You’re bruised? You had me to pad your fall.”

“Not like you’re terribly cushiony. If your jacket gets bloodstained, it’s your own bony shoulder’s fault.”

“I can get blood out of the leather,” he said with the confidence given by advanced alien laundry technology and too much experience using it on blood, but his next remark sounded concerned. “How badly are you hurt?”

“The blood’s from my nose. It hurts, but it won’t kill me. Otherwise,” I paused, taking a moment to wiggle all my limbs a bit, finally getting a hand up to pinch off my nose, “lots of ouch, but nothing’s broken, except maybe the nose. You?” I felt him shift slightly under me.

“Mostly bruises. I hit the back of my head when I landed, but it takes more than that to get through my thick skull. My right ankle hurts, but I can’t tell how badly it’s injured until I stand up, and I don’t think I’ll test that just yet.” I let my head rest against his chest as an agreement. I ached in an entirely different and much less pleasant way than lying on top of the Doctor might usually have inspired, but his nearness was still comforting. After a few moments the gentle rise and fall of our breathing slowed slightly.

“For the record, I’d like to point out that it was you who ended up setting off the booby trap.” I remarked teasingly.

“Oi! The trapdoor we fell through was invisible compared to the one you tried to step on.” I could hear a bit of a smile in his voice along with the defensiveness.

“If it hadn’t been a trapdoor it would have been a rolling boulder or the whole building collapsing. First rule of adventure archaeology, Doctor: don’t touch the most intriguing object. It’s always a trap.”

“In this case, a very specific trap.” His voice had darkened, reminding me that our predicament was potentially far more than some bruises. “That was no ordinary burglar alarm of death. I need my sonic screwdriver so we can shed some light on this.”

I tried to roll away to let him access the screwdriver, but I didn’t have enough room to get completely off. I met metal bars on both sides, just a few inches wider than his shoulders. I propped myself up on an elbow while he snaked an arm under me and fumbled in his pockets. At last the cool blue light of the sonic screwdriver showed us our surroundings.

We were in an iron cage confining us to an area about the size of a coffin, although the ceiling was fortunately considerably higher, probably enough to stand up. The spaces between the bars of the cage were wide enough to get a limb through but far too small for escape. The feeling of rising after we hit the ground had been no illusion. Ropes drew the cage tight against the ceiling of a stone room. On the floor below, some sort of iron contraption of gears and levers stood beside the dust-free spot where the cage had rested. The room had no door other than the shaft we’d fallen through.
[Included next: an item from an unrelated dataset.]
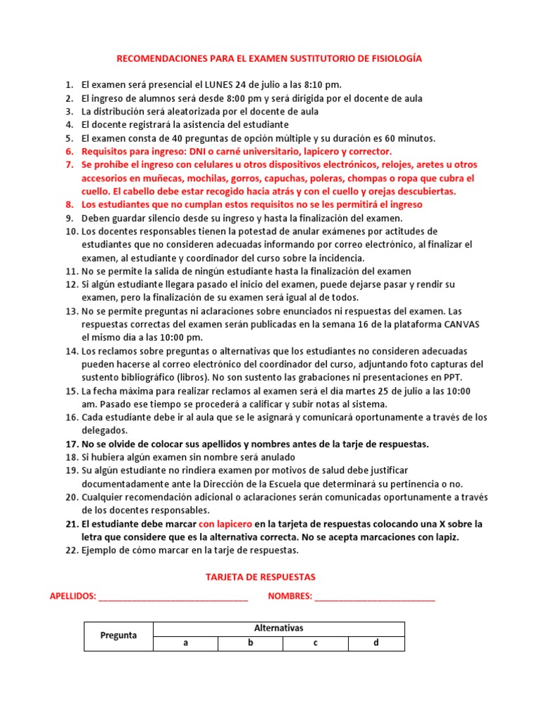 RECOMENDACIONES PARA EL EXAMEN SUSTITUTORIO DE FISIOLOGÍA
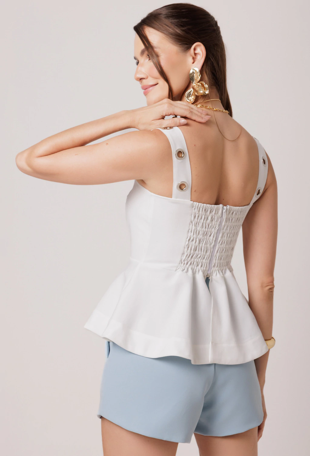 Blusa Confeccionada em Alfaiataria de alta gramatura. A blusa Jeny tem modelagem peplum com decote mais retinho e com recortes. Suas alças são largas e possui aplicação de ilhós deixando a peça ainda mais despojada e estilosa. Seu fechamento é nas costas com zíper destacável com elástico proporcionando mais conforto ao vestir. Uma peça ótima para compor looks despojados e estilosos. Características: Blusa peplum com aplicação de ilhós nas alças.

The Doctor was not looking for an escape route. Instead, he was inspecting the model TARDIS, now slightly chipped but miraculously still in his hand. How had he hung onto that? I’d barely hung onto my last meal. He turned it over, running his calloused fingers along it. When he examined the bottom he looked up at me, pupils wide in the dim light.

“Rose,” he said, so casually I knew something had to be wrong, “back in New Jersey where we met, there was a billboard with some words that made you react strangely, like they meant something beyond the obvious. What was that phrase?”

“Bad wolf,” I murmured, feeling as if someone had poured a glass of ice water down my spine.

“Thought so,” he said, turning over the model TARDIS so I could see the bottom. I looked, already knowing what I would find carved there. Bad wolf.